BEGIN Material for the task

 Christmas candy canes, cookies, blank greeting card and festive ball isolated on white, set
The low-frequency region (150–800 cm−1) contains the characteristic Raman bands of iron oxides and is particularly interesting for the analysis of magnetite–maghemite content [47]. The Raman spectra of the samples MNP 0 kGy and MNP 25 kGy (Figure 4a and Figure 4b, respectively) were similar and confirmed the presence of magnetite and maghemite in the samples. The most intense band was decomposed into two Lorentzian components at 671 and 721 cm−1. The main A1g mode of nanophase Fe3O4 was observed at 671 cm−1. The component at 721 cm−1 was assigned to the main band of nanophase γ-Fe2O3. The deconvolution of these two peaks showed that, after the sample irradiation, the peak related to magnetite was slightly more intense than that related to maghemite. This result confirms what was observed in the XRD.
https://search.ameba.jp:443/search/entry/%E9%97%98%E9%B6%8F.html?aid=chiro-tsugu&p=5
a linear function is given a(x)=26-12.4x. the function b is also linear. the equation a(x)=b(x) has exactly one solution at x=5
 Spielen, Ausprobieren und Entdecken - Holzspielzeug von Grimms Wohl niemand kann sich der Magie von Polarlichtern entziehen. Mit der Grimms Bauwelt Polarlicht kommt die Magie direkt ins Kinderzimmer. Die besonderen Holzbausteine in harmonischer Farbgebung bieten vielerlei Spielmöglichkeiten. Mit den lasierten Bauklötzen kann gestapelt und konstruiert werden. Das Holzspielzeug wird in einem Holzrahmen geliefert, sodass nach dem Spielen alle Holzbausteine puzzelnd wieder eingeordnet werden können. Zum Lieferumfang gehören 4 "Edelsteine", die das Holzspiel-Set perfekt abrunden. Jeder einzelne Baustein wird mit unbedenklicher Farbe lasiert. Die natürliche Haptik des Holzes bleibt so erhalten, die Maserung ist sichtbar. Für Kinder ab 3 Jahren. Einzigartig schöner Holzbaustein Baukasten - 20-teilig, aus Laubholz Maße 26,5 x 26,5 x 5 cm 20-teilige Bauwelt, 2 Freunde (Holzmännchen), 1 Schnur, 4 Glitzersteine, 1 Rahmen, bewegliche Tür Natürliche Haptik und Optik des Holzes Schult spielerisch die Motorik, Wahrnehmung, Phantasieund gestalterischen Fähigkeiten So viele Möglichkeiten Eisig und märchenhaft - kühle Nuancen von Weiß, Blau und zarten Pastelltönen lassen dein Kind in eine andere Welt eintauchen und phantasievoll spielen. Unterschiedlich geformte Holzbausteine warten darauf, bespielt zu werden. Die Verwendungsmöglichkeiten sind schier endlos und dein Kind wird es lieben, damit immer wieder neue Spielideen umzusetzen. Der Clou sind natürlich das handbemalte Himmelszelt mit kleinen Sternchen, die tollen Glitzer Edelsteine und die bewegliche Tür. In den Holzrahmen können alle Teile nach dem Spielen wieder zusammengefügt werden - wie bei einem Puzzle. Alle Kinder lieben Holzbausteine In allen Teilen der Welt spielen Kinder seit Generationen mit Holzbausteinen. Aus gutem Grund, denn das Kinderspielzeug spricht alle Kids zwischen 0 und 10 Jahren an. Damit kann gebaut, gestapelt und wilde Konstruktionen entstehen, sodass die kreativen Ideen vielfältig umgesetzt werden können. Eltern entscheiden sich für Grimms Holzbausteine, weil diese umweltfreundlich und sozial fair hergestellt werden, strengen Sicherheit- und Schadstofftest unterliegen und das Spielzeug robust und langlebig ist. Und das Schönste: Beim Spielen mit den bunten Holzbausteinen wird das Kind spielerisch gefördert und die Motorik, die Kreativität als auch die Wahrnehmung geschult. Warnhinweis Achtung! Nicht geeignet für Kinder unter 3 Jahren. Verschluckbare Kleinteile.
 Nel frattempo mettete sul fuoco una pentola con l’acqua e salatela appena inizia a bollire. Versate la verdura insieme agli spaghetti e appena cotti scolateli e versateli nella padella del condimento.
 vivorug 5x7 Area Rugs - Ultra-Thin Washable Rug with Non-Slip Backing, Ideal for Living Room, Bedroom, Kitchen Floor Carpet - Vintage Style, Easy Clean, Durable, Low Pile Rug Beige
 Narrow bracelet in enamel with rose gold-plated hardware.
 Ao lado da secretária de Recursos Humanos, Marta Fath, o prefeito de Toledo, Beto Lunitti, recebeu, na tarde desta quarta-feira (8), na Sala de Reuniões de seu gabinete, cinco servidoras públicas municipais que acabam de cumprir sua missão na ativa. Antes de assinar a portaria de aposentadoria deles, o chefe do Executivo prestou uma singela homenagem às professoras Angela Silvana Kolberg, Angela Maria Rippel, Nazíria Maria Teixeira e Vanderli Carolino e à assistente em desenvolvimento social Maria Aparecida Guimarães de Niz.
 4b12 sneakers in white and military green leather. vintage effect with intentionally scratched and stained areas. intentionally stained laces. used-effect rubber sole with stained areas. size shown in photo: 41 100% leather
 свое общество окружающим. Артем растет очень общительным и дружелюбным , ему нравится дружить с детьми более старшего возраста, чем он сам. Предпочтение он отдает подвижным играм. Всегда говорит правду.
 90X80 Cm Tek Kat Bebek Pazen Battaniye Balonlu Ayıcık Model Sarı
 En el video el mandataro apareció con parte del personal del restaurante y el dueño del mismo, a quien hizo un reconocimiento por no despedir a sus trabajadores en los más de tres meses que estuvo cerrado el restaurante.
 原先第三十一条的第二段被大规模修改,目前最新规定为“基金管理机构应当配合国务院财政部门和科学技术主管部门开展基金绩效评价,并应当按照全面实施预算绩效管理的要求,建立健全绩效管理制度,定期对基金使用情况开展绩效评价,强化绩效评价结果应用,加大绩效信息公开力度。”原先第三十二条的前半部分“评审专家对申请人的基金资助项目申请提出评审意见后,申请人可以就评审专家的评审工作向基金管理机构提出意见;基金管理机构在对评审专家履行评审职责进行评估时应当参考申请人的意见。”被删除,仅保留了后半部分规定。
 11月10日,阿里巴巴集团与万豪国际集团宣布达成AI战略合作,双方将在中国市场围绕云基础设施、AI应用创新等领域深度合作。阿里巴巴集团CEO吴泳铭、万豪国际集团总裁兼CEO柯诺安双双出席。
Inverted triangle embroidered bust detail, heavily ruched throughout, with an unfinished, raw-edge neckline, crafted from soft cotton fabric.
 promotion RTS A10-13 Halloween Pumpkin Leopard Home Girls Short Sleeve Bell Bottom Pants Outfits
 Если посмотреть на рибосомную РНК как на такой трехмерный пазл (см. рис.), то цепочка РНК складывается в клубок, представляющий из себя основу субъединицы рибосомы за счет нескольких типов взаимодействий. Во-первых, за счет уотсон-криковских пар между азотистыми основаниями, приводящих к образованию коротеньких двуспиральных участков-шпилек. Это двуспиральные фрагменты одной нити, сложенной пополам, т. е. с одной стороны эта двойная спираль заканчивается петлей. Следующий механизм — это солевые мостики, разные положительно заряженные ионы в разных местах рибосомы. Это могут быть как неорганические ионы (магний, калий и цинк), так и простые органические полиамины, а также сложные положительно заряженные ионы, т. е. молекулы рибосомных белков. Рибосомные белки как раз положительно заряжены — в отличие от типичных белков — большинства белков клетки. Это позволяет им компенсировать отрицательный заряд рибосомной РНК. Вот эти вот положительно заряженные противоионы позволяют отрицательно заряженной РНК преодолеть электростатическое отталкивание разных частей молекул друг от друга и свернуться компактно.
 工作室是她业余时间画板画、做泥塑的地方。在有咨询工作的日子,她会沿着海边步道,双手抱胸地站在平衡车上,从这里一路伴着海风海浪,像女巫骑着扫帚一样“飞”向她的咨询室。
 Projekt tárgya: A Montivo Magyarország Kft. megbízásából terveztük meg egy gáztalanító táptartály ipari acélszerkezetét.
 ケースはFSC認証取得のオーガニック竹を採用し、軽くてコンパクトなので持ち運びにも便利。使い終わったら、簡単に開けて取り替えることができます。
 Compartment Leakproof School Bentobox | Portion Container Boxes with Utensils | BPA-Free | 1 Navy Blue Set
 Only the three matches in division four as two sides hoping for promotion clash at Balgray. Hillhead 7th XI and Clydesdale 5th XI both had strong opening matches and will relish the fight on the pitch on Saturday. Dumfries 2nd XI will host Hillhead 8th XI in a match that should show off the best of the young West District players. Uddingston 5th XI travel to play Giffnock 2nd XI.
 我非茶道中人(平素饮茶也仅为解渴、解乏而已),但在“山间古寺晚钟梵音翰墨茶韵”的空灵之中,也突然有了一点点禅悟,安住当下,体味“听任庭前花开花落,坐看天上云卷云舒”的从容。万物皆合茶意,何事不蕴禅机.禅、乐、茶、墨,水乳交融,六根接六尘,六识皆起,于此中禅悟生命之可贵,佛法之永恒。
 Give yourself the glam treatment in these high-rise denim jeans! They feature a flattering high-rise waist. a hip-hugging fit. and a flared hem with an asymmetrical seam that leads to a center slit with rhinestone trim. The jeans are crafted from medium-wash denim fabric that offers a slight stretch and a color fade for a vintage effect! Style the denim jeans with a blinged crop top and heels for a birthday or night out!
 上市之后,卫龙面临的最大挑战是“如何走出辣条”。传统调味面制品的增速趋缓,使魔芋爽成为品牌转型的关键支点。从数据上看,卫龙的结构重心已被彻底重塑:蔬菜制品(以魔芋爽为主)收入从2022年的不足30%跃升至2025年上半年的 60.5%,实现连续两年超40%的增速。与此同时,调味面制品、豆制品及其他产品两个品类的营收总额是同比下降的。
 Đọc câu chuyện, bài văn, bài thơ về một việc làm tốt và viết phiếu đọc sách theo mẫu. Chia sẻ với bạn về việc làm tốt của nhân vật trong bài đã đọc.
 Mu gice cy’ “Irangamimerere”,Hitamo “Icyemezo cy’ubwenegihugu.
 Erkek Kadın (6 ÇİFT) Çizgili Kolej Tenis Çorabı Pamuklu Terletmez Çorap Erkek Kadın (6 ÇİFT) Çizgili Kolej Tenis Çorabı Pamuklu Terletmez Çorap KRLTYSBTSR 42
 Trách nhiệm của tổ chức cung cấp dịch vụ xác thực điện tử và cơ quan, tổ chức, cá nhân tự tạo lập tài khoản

END Material for the task

### What is needed
Print the lines above from the one with "En el video" through the one with "promotion RTS A10-13", both included, exactly as written and nothing more.

### Task result
 En el video el mandataro apareció con parte del personal del restaurante y el dueño del mismo, a quien hizo un reconocimiento por no despedir a sus trabajadores en los más de tres meses que estuvo cerrado el restaurante.
 原先第三十一条的第二段被大规模修改,目前最新规定为“基金管理机构应当配合国务院财政部门和科学技术主管部门开展基金绩效评价,并应当按照全面实施预算绩效管理的要求,建立健全绩效管理制度,定期对基金使用情况开展绩效评价,强化绩效评价结果应用,加大绩效信息公开力度。”原先第三十二条的前半部分“评审专家对申请人的基金资助项目申请提出评审意见后,申请人可以就评审专家的评审工作向基金管理机构提出意见;基金管理机构在对评审专家履行评审职责进行评估时应当参考申请人的意见。”被删除,仅保留了后半部分规定。
 11月10日,阿里巴巴集团与万豪国际集团宣布达成AI战略合作,双方将在中国市场围绕云基础设施、AI应用创新等领域深度合作。阿里巴巴集团CEO吴泳铭、万豪国际集团总裁兼CEO柯诺安双双出席。
Inverted triangle embroidered bust detail, heavily ruched throughout, with an unfinished, raw-edge neckline, crafted from soft cotton fabric.
 promotion RTS A10-13 Halloween Pumpkin Leopard Home Girls Short Sleeve Bell Bottom Pants Outfits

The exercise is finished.